I still think our instructor here freelanced into a classroom enviroment in the last 1/3 to 1/4 of the semester and may simply be introducing a teaching style the students' may not be accustomed to, to the degree that even "front row" students may be crying foul, or at least pity for their "back corner" peers.
Based on our blogger's instruction: the course's regular instructor thought, wisely IMHO, that the best thing to do is show the whole film (long class?) and then have their students "digest" the film in small discussion circles, probably before returning as a group in the next session.
No doubt Boys Don't Cry is a powerful movie and it's a simple pedagogical fact that one must "ease" their students into the discussion of any matter powerful or controversial.

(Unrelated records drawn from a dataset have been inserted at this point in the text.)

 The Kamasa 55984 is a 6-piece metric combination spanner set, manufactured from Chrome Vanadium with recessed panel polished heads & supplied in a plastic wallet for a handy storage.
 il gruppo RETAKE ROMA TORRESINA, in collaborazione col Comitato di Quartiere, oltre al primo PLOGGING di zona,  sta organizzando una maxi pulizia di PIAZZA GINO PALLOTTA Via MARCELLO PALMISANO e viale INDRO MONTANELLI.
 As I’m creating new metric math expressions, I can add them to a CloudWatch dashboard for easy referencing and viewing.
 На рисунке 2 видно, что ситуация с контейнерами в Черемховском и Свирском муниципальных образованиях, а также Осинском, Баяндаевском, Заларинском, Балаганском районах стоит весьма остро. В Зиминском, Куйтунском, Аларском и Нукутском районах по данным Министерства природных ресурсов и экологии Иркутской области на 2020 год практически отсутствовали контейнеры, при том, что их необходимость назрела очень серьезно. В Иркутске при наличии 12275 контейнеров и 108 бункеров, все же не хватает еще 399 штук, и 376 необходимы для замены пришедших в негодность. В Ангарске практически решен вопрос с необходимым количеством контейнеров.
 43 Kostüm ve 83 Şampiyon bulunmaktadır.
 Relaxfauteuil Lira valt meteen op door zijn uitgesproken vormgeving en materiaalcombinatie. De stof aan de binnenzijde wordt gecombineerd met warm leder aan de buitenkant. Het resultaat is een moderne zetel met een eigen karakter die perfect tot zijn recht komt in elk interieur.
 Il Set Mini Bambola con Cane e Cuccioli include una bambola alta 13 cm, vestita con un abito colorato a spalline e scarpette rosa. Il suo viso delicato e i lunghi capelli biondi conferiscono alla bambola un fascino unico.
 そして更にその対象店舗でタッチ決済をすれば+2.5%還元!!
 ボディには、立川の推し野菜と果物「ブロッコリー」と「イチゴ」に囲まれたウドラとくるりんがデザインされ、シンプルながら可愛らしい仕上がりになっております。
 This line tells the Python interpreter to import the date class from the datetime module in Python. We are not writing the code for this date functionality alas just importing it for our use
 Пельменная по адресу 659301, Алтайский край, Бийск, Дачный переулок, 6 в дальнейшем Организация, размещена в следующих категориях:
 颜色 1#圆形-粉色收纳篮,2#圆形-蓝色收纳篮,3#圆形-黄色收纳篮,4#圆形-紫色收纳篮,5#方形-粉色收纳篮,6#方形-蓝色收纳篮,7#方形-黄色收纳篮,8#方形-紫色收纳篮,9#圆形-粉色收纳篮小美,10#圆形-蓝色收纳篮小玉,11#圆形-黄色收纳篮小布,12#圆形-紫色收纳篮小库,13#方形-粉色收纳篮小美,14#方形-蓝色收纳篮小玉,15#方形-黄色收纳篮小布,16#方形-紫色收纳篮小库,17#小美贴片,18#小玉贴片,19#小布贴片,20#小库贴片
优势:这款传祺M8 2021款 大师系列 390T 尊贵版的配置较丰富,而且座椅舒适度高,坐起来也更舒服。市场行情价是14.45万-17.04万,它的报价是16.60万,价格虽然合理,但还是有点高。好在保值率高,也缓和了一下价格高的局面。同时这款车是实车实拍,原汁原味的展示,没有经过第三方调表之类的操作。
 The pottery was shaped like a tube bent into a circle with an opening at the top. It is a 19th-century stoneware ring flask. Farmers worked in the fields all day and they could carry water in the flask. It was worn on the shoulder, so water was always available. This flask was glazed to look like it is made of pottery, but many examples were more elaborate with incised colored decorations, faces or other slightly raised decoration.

I've had experience in this myself teaching a film such as This Film is Not Yet Rated. I'm pretty confident that self-described "in your face" teaching styles do not really do the job as well as more facilitative pedagogies.
These "back room" students may well be choads, but if I were the instructor I wouldn't think "beating them" was my job, particularly in fashion where they seem to be used as some sort of prop for the rest of the class, as I've gathered from the class synopsis provided. Cutting down 18-22 year olds is just too easy. There are gentler ways of delivering a message through building a consensus response to the film, get it up on the white board or whatever your room's has on had and if you want to be a performative showboat, use that impersonal consensus to unpack what you see going on in the students' reaction to the film.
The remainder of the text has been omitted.